In addition, in order that the first slit patterns 11a, 11b, 11c, and 11d demarcate the ranges within which the eddy currents flow as described above, the first slit pattern preferably intersects the coil pattern 20 at at least two locations on the coil pattern 20. Moreover, in order to demarcate many ranges within which eddy currents flow, a plurality of first slit patterns are preferably provided.

The second slit patterns 12a, 12b, 12c, and 12d suppress and significantly reduce the ranges within which the currents ii go around. In addition, the second slit patterns 12a, 12b, 12c, and 12d are preferably provided at the same positions or at substantially the same positions as the outer edge of the coil pattern 20, or at slightly outer side portions of the outer edge of the coil pattern 20, and thus the second slit patterns 12a, 12b, 12c, and 12d suppress an eddy current io which tends to go around the slit formation portion 10, that is, eddy currents which tend to flow within the regions demarcated by the first slit patterns 11a, 11b, 11c, and 11d.

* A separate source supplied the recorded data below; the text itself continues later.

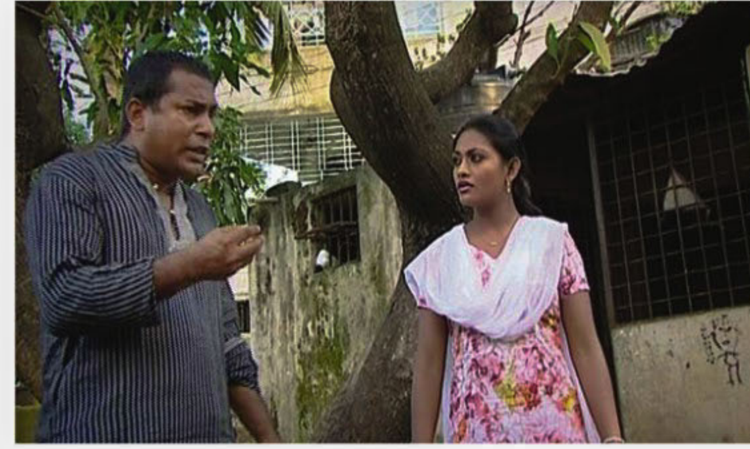
A scene from the serial.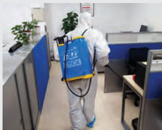
Regular disinfection occurs inside the facilities.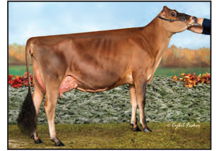
CROSSBROOK IMPRESSION DASHER-ET Sister to the Dam of Lot 9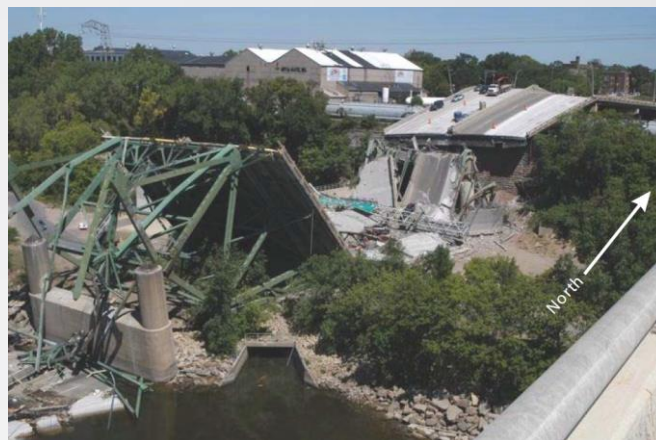
Collapse of I-35W Mississippi River Bridge in USA in 2007 killed 13 and injured 145 people.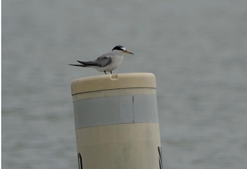
Least Tern 26 Aug 2020, Lake Bryan, Brazos Co.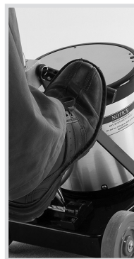
Foot-activated handle lock.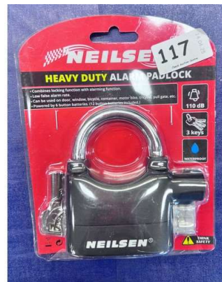
89. V - NEW NEILSEN HEAVY DUTY ALARM PADLOCK (CT3870)

Therefore, a magnetic field generated by the planar coil antenna is less likely to be cancelled by the eddy currents, and the magnetic field of the planar coil antenna equivalently passes through the lower metal casing 92 and couples with an antenna of a communication counterpart.

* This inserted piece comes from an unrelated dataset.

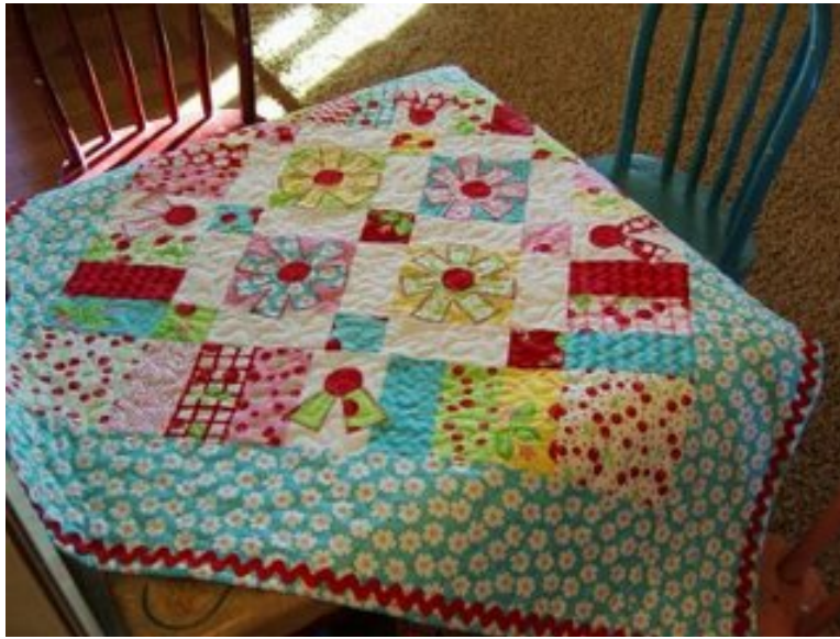
Cherries and Blossoms Table Topper by Sheri Howard

FIGS. 4A, 4B, and 4C are each a plan view of an antenna portion of a mobile communication terminal as a comparative example for the first preferred embodiment of the present invention. FIG. 4A shows an example where no opening and no slit are provided in the lower metal casing 92, FIG. 4B shows an example where an opening is provided at a position on the lower metal casing 92 that faces the planar coil antenna, and FIG. 4C shows an example where one slit pattern 13 is provided in the lower metal casing 92 so as to extend in the radial direction from the center of the coil opening 20A of the planar coil antenna. The configuration of each planar coil antenna is preferably the same or substantially the same as shown in FIG. 2.

FIG. 5 is a diagram showing characteristics of the antenna portion of the first preferred embodiment shown in FIG. 2 and the antenna portions of the comparative examples shown in FIGS. 4A, 4B, and 4C. In FIG. 5, the vertical axis indicates a coupling coefficient with an antenna at a communication counterpart side. The antenna at the communication counterpart side preferably is a loop antenna with a diameter of about 70 mm for a reader/writer, for example. The distance between the antennas preferably is about 25 mm, for example.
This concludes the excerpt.